■ **To do**
One line at a time, check the entries below for the word "bust", and copy each line that has it.

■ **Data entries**
....
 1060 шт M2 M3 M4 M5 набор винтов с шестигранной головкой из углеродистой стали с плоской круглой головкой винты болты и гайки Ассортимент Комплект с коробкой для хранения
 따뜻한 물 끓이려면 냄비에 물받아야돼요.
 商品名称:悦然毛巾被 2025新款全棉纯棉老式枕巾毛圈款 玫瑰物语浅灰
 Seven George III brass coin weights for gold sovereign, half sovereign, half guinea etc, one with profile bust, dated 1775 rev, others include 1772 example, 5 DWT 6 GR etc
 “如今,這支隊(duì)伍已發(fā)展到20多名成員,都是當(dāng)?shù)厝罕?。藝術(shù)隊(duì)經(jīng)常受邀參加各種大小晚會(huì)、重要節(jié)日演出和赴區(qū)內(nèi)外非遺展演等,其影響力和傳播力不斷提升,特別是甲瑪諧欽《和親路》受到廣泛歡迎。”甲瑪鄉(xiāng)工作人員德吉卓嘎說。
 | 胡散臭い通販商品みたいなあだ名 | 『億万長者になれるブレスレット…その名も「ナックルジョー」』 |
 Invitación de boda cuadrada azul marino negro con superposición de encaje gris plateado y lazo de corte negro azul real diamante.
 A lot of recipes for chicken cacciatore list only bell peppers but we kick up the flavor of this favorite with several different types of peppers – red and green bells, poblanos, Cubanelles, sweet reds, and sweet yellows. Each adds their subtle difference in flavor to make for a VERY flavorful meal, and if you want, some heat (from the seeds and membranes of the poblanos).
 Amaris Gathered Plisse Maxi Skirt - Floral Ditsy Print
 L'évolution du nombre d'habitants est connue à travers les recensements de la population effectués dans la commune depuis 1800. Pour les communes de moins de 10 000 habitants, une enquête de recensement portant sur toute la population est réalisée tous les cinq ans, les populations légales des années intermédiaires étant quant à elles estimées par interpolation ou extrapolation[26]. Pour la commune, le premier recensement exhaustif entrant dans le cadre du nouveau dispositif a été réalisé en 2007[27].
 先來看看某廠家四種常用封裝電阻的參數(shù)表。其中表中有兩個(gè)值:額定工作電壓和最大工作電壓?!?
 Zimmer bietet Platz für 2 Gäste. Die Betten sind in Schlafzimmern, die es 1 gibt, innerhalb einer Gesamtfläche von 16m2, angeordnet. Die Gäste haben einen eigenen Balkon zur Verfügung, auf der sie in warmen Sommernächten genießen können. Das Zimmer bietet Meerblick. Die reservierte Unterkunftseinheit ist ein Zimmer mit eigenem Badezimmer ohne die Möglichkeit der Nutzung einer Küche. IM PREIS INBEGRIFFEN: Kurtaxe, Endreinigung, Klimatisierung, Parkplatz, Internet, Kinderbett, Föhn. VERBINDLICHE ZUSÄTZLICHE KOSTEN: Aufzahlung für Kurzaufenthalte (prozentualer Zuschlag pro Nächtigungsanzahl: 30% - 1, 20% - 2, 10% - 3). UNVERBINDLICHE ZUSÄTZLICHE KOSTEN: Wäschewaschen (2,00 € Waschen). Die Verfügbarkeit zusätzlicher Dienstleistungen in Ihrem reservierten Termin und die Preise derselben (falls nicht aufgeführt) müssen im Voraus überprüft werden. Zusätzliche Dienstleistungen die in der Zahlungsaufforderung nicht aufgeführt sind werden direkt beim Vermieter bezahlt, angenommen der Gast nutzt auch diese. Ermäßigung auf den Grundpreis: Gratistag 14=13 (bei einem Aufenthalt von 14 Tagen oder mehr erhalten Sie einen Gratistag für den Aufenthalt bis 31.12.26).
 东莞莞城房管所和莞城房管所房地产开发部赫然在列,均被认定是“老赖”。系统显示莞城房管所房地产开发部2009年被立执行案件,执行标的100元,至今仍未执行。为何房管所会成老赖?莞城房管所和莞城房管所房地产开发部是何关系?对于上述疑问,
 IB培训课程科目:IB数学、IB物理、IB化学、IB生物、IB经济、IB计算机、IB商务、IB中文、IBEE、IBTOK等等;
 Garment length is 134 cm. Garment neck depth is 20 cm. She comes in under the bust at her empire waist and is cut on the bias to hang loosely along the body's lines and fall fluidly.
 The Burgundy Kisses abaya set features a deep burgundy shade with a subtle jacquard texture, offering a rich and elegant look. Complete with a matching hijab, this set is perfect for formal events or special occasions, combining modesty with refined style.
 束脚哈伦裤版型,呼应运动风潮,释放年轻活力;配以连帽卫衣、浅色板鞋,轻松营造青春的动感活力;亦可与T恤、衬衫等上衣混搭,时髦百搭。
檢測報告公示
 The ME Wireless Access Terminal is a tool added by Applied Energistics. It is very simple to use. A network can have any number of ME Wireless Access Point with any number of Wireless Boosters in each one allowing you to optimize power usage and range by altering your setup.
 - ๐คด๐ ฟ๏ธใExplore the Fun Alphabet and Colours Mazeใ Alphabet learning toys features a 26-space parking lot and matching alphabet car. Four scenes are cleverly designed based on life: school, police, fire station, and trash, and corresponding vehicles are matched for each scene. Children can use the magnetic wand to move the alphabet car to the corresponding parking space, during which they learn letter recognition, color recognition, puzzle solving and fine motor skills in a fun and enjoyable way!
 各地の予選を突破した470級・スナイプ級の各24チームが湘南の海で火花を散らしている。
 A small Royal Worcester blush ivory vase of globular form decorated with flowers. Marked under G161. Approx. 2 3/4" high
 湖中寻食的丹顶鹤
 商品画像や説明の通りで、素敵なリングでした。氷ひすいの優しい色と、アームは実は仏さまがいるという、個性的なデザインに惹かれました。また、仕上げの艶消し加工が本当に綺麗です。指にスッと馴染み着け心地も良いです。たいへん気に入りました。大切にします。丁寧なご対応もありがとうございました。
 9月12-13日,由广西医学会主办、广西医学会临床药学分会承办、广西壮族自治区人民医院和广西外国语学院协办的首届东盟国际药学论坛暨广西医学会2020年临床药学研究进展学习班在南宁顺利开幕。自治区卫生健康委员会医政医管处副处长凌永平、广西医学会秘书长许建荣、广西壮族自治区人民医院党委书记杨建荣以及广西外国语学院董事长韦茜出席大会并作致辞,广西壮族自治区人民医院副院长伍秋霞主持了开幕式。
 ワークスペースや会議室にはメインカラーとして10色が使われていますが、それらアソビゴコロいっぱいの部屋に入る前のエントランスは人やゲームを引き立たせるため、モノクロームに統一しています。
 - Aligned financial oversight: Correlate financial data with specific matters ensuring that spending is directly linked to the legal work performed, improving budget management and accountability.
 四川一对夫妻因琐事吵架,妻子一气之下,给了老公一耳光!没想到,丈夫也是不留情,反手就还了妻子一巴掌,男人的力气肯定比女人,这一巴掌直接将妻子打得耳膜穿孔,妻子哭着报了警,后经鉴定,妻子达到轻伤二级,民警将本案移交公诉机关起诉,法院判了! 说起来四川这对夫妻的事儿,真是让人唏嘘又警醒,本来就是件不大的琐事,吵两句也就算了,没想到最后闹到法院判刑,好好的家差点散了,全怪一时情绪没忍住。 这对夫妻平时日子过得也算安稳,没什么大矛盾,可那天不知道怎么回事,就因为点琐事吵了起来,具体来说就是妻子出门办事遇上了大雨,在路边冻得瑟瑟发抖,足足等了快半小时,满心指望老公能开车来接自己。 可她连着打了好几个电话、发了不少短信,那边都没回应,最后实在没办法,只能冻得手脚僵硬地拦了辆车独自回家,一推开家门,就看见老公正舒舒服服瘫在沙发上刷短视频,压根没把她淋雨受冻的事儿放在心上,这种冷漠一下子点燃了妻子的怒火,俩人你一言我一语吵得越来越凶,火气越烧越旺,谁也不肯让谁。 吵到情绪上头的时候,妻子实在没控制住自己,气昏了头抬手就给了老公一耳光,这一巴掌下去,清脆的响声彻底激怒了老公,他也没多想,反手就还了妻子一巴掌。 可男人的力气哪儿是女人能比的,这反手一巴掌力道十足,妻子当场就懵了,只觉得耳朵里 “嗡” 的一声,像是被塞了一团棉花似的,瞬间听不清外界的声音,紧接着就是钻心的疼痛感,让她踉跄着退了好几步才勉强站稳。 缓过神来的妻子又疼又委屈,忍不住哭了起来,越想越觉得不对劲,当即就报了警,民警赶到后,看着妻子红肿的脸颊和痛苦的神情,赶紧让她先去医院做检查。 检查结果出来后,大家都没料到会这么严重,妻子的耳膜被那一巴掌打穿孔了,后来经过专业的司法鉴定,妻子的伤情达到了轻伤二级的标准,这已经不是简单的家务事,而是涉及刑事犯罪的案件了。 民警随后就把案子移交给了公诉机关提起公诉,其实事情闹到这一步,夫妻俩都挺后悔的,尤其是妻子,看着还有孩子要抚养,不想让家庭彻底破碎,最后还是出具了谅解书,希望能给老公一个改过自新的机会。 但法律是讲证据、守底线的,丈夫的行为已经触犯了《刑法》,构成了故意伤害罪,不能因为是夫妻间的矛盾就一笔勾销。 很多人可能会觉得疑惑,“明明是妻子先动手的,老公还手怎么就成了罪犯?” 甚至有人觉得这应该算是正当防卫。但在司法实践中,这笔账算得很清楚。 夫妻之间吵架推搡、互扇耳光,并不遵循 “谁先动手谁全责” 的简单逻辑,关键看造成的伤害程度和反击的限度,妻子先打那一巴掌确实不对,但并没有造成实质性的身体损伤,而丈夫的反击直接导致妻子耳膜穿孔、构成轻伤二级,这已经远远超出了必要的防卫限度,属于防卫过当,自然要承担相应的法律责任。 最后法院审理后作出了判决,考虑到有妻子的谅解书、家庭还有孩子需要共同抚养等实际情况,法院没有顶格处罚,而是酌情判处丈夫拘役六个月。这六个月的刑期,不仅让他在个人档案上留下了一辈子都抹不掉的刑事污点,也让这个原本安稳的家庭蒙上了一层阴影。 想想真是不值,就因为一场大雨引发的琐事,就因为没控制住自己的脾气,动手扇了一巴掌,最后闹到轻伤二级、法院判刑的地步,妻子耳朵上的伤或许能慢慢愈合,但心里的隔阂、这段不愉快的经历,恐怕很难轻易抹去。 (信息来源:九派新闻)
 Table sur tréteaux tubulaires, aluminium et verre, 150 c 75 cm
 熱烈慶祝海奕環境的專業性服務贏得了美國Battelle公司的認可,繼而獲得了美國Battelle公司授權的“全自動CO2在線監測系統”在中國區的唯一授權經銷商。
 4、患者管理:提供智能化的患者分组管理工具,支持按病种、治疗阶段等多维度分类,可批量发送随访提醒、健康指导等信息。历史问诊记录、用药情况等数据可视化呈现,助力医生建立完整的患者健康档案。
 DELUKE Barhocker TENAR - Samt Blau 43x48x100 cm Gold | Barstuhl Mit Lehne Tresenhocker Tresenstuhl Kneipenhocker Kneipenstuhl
....
■ **Expected output**
 Seven George III brass coin weights for gold sovereign, half sovereign, half guinea etc, one with profile bust, dated 1775 rev, others include 1772 example, 5 DWT 6 GR etc
 Garment length is 134 cm. Garment neck depth is 20 cm. She comes in under the bust at her empire waist and is cut on the bias to hang loosely along the body's lines and fall fluidly.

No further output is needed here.